Since 2007, the AIHA has been working closely with Tanzania’s Ministry of Health, Community Development, Gender, Elderly and Children to ensure that community-level government social welfare workers, such as Social Welfare Assistants and Social Welfare Officers, along with volunteer case workers, are adequately equipped to provide high quality, needs-driven HIV/AIDS services.
Adopting a multi-pillar approach that focused on education, regulation, governance, advocacy, and practice, AIHA engaged experts from Jane Addams College of Social Work and the Midwest AIDS Training and Education Center at the University of Illinois-Chicago to strengthen the capacity of local partners at the ministry, the Institute of Social Work in Dar es Salaam, and other social work schools throughout the country.

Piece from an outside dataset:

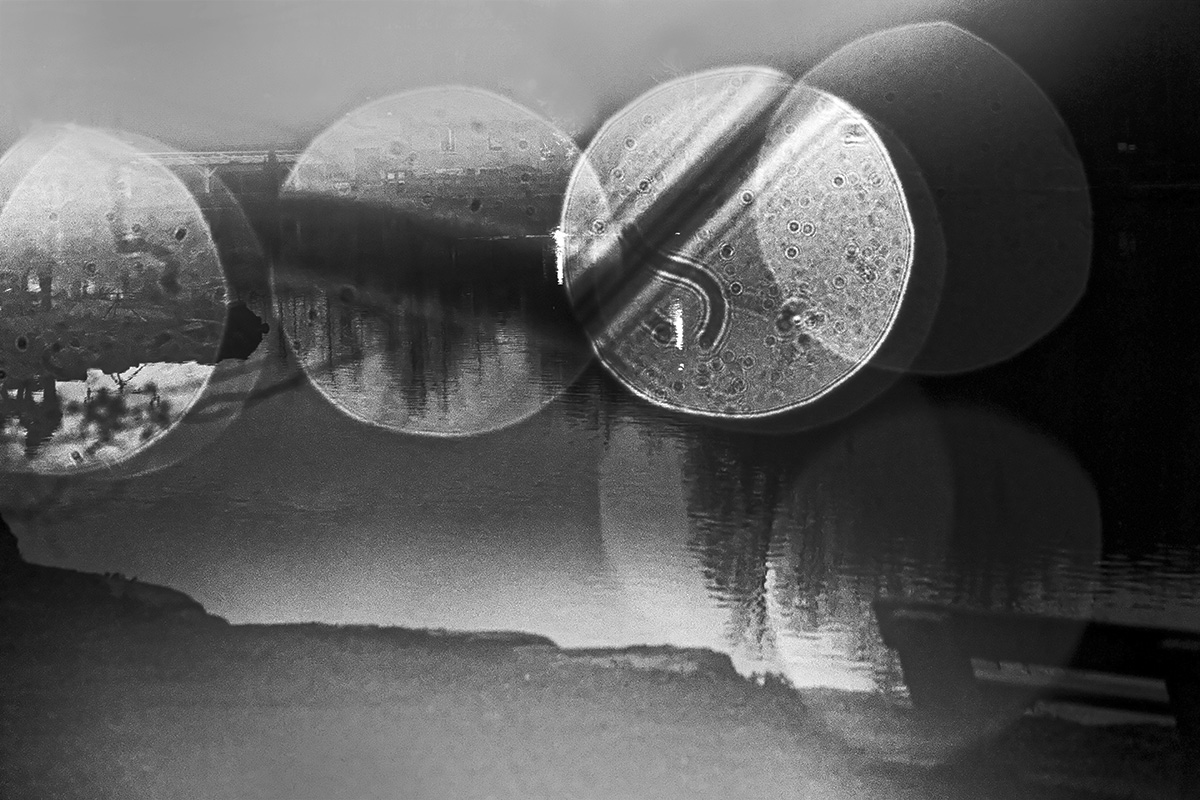 Cette photo fait partie d'une série de prises nocturnes.Ici travail sur des lumières au-dessus d'un étang, en surimpression à la prise bien sûr.

This approach has led to marked improvements, including better ward- and council-level coordination among service providers, implementing partners, facilities, and local governments in high HIV burden areas.
AIHA’s national-level work to strengthen Tanzania’s social work and nursing cadres — both critical to Tanzania’s task sharing strategy — is supported by the U.S. President’s Emergency Plan for AIDS Relief (PEPFAR) through the U.S. Center for Disease Control and Prevention (CDC), Tanzania. Both projects are implemented through AIHA’s HIV/AIDS Twinning Center Program, which is funded through a cooperative agreement with the U.S. Health Resources and Services Administration (HRSA).